Dental Practice Advisors: Hiring the Wrong Ones
There are a lot of great dental practice accountants and attorneys out there, but there’s also a lot of them who seem to enjoy blowing up deals by demonstrating how smart they are in the process. Sure, they’ll let you buy a dental practice, but only if they can defeat the other side in the process. Buying and selling a dental practice is an emotional thing.
You need advisors who not only have experience with the business you are buying, you also need dental practice advisors with good temperaments and integrity to spare.
Wait, I Need Financing to Buy a Dental Practice?
In certain businesses a seller would expect to take some of the purchase price back in the form of a note payable, but that’s not always the case.
Make sure you are talking to banks early in the process to know what type of financing you can get and what your limitations are. It’s never a good thing to find out you might be limited after you make an offer on a dental practice that’s for sale.
Nickels and Dimes
I’m not saying the price and tax allocation of a purchase is not important, but we’ve seen buyers walk away from deals over really insignificant sums of money. The business might be perfect for them, but they don’t want to “overpay”.
The House Hunters Effect
There’s a show on HGTV called “House Hunters” that chronicles people going out and buying homes. It’s always striking to watch people walk away from a perfectly good opportunity over something cosmetic that can easily be fixed.

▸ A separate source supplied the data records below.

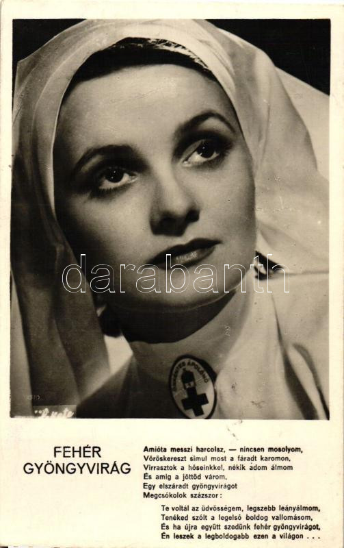 Rácz Vali, 'Fehér gyöngyvirág', Dalosképek No. 24. https://www.darabanth.com/hu/472-Gyorsarveres/472.0/Kepeslapok/Szinesz~1500085/Racz-Vali-Feher-gyongyvirag-Daloskepek-No-24~II1332222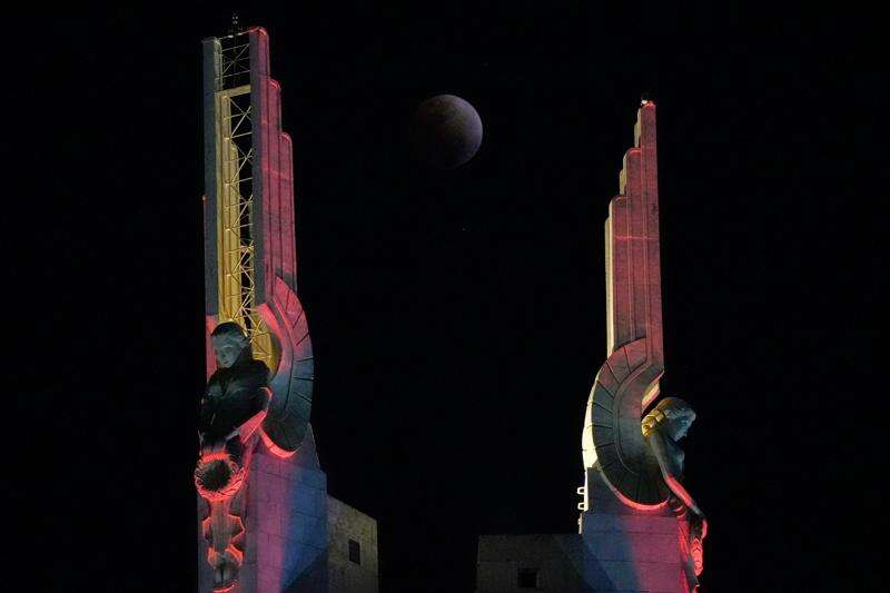 A total lunar eclipse is seen through statues at the Quezon Memorial Shrine in Quezon City, Philippines, Tuesday, March 3, 2026. (AP Photo/Aaron Favila)
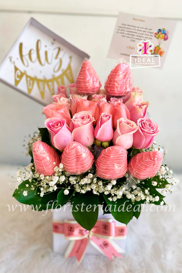 Lindo arreglo floral elaborado en bellas rosas rosadas y follajes verdes incluye fresas en finos chocolate y tarjeta para la ocasión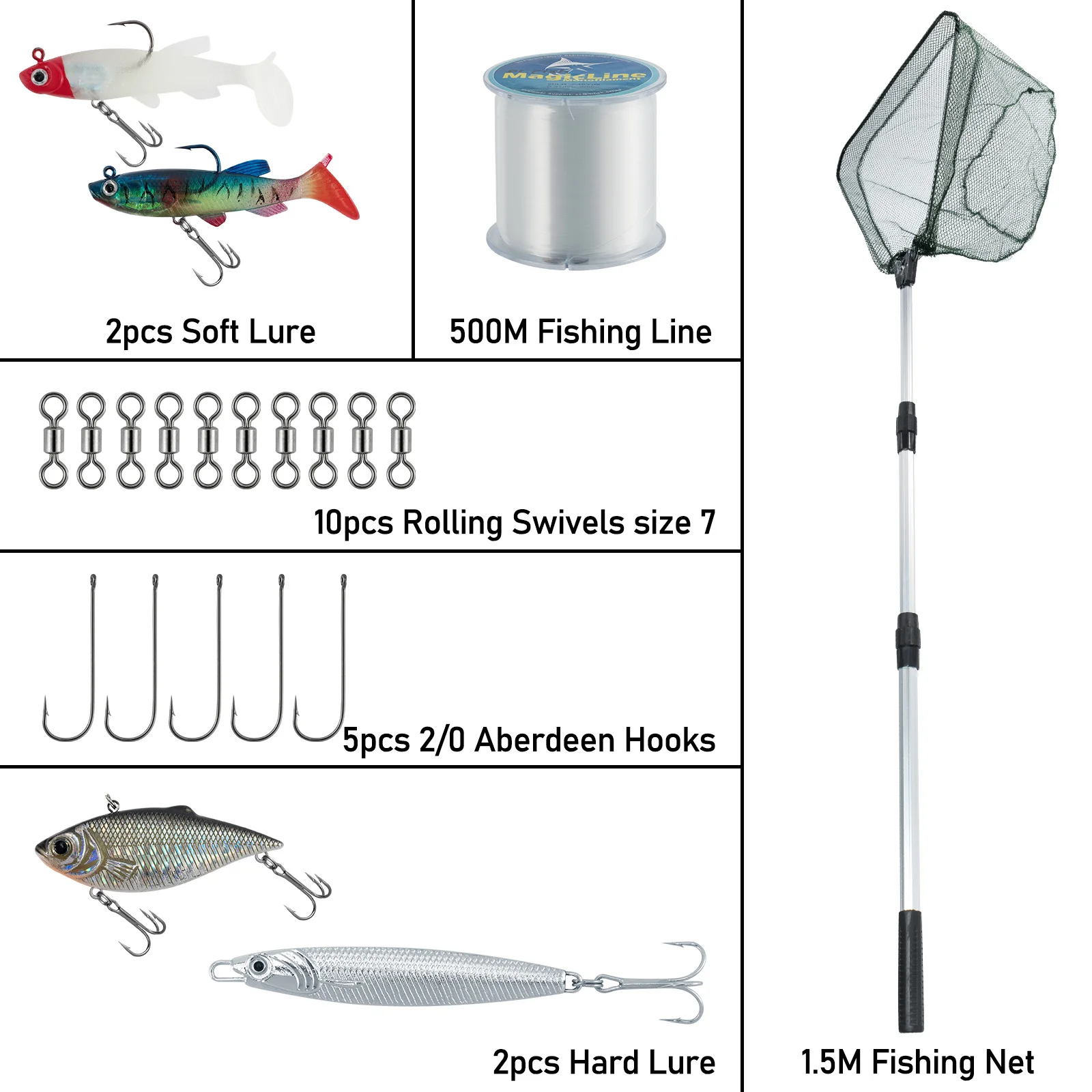 2. Señuelos de pesca, anzuelos, caja de aparejos y red de pesca: junto con la caña de pescar y el carrete, este Combo también incluye accesorios esenciales como Señuelos de Pesca, anzuelos, una caja de aparejos, y una red de pesca. Tendrás todo lo que necesitas para comenzar tu aventura de pesca de inmediato.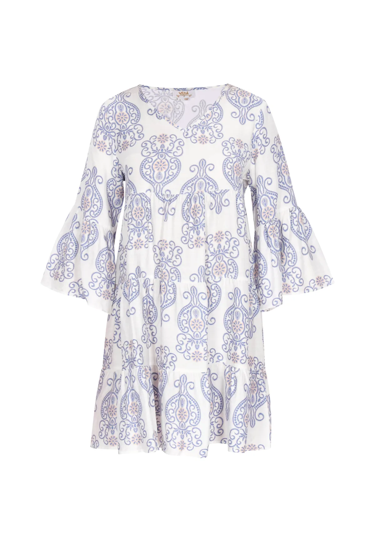 Design: Gevoerde zoom/rand, Trompetmouwen; Materiaal: Viscose; Halstype: V-hals; Motief: Drukke print; Details: Gedrapeerd; Extra's: All-over patroon; Lengte: Kort/mini; Snit: Uitlopend; Pasvorm: Losse pasvorm; Armlengte: Driekwart mouw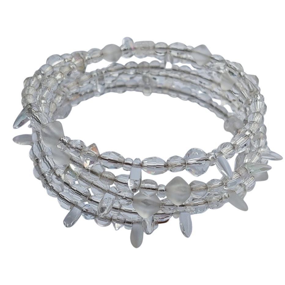 Módní dámský náramek vyrobený ze skleněných korálků, navlečených na paměťovém drátku. Předností je snadné navléknutí na zápěstí a pohodlné sundání náramku, který je bez zapínání.  Drátek má 3-4 otočky, směs drobných broušených a rokajlových korálků vytváří široký a bohatý dekor.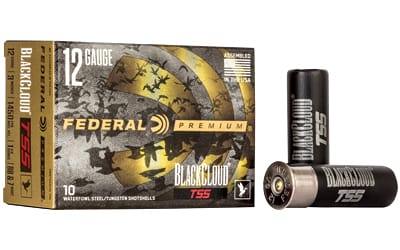 Federal’s Black Cloud TSS carries on a lethal legacy, blending proven FLITESTOPPER Steel pellets and 18 g/cc Tungsten Super Shot. With 56 percent higher density than lead and more than double the density of steel, TSS pellets maintain velocity farther, hit harder and penetrate deeper than any waterfowl payload ever has. The swarm of shot leaves no chance with the Flightcontrol Flex wad, which opens from the rear for a controlled release of the payload for the most consistent patterns.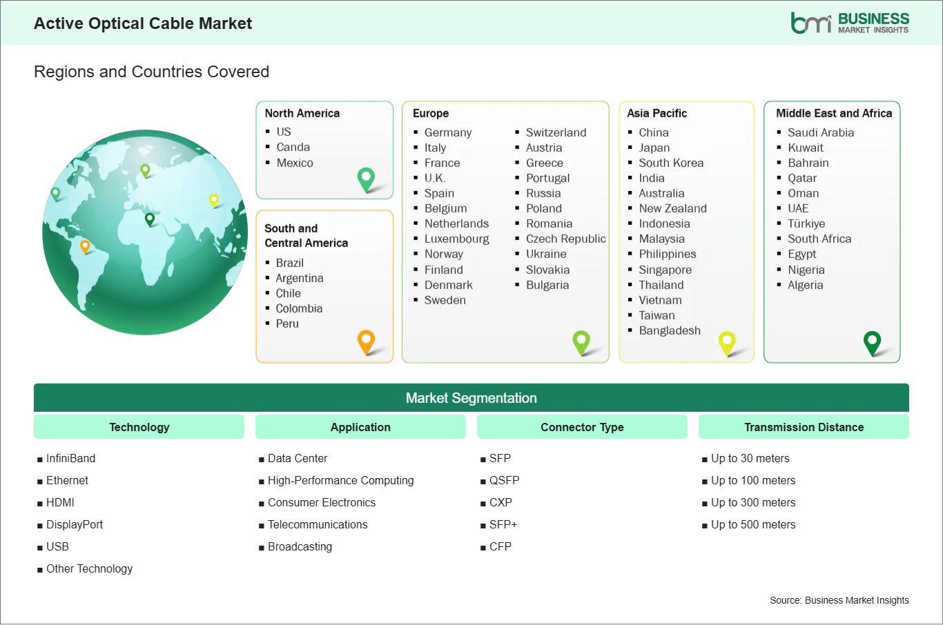 Key segments shaping the global active optical cable market include technology, application, connector type, and transmission distance.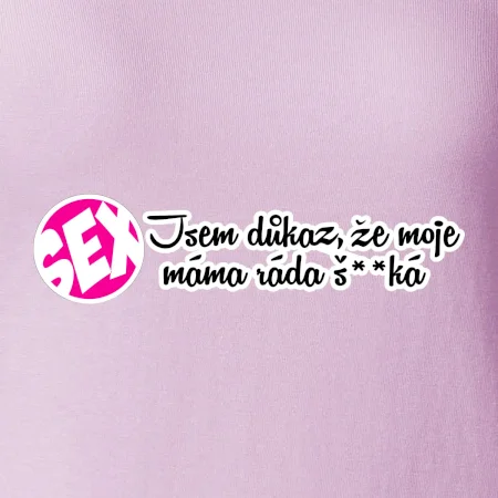 Vtipné triko s nápisem "Jsem důkaz toho, že moje máma ráda šuká". Triko pro vtipálka.

Buyers of businesses do the same thing. Some will obsess over the seller’s expense structure when many of those expenses can easily be fixed or they turn away a perfectly profitable dental practice because it doesn’t have the latest and greatest dental practice technology.
Nervous Energy
Buyers need to keep in mind that selling a dental practice is usually an emotional process for the seller. They are selling their life’s work and having a happy buyer is sort of a referendum on how well they ran their business. Buyers that exhibit a nervous energy or nitpick little things tend to irritate a seller.
So why do the corporations do a better job of buying? They are decisive. They move fast. They don’t obsess over minor details. Look, most sellers want to sell to a private buyer, so if you treat the transaction the same way a corporation would, you’ll win the deal.